The other thing that happened, one that I really had to address in myself, was that no one expressed any sort of correction, rebuke or answer. This is a tough one for me because I am a problem solver, and to listen to someone express a real problem in her life and allow myself to just sit and listen was tough. But I did it. And I knew that it was the exact right thing to do.
Since this was an experiment for me, something that I am addressing in my leadership skills, I have to ask myself if I would do anything different. There are two things that I would have done differently. First, I would like to have stressed a little bit more the fact that we have a savior who knows and understands human suffering. Sometimes this isn’t the most comforting thing we can know, but sometimes it is. I honestly don’t believe that there is any new emotion, new situation or new suffering that He hasn’t already experienced. Granted He can’t know the pain of losing a spouse and the struggle of providing for a family afterward, but don’t you think that He knows the human heart well enough to know how to comfort those who are in that situation?
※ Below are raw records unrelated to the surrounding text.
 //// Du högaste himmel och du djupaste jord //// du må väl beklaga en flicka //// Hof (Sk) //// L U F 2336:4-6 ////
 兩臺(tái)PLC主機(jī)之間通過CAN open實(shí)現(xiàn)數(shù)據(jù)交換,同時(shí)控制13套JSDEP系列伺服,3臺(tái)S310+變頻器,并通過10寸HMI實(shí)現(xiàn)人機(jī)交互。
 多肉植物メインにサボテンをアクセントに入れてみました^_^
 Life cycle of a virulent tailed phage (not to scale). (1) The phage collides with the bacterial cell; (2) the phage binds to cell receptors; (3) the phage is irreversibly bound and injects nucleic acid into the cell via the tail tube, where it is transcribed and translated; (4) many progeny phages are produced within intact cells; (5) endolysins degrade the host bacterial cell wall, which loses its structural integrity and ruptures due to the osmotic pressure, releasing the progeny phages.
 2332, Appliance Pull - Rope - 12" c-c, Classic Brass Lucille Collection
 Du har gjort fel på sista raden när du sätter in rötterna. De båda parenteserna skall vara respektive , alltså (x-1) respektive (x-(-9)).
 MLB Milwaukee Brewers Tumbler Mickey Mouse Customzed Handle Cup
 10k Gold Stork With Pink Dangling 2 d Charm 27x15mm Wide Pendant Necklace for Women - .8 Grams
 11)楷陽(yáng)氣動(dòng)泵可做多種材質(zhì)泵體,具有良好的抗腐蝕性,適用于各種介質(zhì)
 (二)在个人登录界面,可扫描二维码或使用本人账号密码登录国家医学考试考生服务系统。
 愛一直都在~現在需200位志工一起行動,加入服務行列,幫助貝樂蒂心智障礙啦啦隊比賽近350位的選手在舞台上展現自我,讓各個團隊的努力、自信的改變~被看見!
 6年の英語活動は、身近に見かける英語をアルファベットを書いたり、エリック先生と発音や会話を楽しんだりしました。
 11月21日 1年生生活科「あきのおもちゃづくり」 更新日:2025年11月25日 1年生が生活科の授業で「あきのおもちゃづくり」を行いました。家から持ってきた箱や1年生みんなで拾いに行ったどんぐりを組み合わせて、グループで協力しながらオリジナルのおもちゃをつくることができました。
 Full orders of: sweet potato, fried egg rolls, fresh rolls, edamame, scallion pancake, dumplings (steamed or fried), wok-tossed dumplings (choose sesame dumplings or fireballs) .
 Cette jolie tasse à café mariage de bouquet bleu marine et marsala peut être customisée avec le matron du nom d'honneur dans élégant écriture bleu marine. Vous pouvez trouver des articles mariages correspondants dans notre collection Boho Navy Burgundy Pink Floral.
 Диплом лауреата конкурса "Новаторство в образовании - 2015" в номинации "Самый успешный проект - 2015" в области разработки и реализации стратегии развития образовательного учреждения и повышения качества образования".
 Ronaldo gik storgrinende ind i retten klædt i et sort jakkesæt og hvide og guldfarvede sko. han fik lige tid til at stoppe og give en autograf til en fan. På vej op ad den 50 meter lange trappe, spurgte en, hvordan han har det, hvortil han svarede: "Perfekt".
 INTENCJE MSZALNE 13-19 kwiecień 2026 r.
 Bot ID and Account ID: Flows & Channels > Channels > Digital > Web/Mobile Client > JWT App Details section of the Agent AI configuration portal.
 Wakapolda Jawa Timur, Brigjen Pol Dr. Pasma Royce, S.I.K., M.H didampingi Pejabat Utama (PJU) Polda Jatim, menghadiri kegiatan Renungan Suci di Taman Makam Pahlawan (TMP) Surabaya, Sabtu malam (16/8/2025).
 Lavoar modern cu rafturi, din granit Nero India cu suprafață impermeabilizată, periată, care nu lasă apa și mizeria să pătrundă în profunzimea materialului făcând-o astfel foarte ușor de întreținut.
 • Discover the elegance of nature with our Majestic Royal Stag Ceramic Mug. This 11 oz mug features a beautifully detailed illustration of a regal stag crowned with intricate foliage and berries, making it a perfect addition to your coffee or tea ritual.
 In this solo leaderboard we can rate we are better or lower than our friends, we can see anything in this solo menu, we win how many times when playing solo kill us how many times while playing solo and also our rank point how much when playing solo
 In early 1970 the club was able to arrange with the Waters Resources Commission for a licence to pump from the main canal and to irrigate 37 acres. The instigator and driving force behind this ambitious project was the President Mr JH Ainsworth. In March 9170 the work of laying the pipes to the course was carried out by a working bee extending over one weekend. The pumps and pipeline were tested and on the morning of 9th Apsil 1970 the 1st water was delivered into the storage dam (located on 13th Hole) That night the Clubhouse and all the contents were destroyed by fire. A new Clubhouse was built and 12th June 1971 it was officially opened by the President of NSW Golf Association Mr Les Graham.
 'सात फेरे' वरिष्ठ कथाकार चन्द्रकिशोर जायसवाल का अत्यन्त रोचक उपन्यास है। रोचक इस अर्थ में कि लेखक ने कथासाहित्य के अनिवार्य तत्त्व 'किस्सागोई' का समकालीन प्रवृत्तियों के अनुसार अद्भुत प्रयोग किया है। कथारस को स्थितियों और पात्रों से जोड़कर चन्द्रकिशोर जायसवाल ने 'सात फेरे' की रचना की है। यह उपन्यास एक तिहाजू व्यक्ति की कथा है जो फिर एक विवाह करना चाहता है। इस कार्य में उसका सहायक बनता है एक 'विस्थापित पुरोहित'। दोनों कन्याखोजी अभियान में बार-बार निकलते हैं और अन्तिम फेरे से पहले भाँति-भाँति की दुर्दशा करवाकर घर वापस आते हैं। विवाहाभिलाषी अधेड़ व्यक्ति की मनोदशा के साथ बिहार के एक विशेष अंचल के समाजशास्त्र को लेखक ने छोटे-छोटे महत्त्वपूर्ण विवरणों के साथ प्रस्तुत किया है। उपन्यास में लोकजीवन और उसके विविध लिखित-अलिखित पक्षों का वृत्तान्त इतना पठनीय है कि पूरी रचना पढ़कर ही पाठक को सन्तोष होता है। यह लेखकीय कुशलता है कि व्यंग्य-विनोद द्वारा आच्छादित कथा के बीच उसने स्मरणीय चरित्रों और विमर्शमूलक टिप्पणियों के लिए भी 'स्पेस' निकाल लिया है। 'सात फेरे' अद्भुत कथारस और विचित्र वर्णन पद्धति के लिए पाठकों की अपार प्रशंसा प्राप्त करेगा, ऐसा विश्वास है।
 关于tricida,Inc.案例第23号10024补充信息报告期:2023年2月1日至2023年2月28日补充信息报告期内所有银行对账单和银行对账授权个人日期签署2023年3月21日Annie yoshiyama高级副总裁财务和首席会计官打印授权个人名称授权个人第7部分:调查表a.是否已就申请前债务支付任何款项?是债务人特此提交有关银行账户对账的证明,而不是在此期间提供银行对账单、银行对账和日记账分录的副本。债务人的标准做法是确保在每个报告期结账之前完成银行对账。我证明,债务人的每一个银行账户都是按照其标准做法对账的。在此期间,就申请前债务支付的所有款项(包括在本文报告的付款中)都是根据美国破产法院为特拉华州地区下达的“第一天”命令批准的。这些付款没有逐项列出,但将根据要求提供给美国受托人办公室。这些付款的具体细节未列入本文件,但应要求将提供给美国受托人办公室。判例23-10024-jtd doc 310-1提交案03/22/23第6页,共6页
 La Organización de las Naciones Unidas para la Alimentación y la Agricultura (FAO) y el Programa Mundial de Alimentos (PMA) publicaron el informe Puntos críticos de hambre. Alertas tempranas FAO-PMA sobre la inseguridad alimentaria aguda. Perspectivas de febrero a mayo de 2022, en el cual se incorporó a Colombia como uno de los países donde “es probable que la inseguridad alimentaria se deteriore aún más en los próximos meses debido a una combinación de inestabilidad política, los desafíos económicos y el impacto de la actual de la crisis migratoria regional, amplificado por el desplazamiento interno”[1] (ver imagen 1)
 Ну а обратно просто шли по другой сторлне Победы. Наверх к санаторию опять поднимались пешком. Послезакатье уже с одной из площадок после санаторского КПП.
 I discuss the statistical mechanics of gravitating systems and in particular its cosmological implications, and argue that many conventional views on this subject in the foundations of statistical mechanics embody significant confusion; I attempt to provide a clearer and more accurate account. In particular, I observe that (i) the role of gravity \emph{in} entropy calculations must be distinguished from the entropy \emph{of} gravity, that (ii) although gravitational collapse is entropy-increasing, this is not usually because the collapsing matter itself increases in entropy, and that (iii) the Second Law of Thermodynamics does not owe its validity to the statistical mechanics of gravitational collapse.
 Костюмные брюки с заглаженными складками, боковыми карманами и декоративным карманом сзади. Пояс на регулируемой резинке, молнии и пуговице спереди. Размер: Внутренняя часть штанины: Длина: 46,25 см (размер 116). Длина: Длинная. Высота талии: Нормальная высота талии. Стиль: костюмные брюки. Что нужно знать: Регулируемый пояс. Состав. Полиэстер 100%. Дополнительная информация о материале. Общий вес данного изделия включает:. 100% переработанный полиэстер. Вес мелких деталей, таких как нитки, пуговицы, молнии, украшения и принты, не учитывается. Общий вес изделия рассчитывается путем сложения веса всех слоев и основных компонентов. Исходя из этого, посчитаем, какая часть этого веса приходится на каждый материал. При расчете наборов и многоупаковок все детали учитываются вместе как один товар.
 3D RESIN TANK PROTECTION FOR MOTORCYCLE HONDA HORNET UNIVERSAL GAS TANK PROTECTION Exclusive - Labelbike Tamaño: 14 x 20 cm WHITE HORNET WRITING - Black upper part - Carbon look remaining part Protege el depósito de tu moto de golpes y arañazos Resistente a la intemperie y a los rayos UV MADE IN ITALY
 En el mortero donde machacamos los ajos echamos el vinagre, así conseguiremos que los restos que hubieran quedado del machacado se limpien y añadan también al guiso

I do. He has had over 2,000 years and countless millions upon millions of people who have each faced great suffering in their lives. He knows.
The second thing that I would like to change is my response to incorrect thinking. There were some thoughts expressed last week that I feel were incorrect, even biblically incorrect, and while I stated that I thought the person’s statement was false, I didn’t really offer any evidence or argument to support my assertion. I’m going to do some research and help try to correct those bad statements.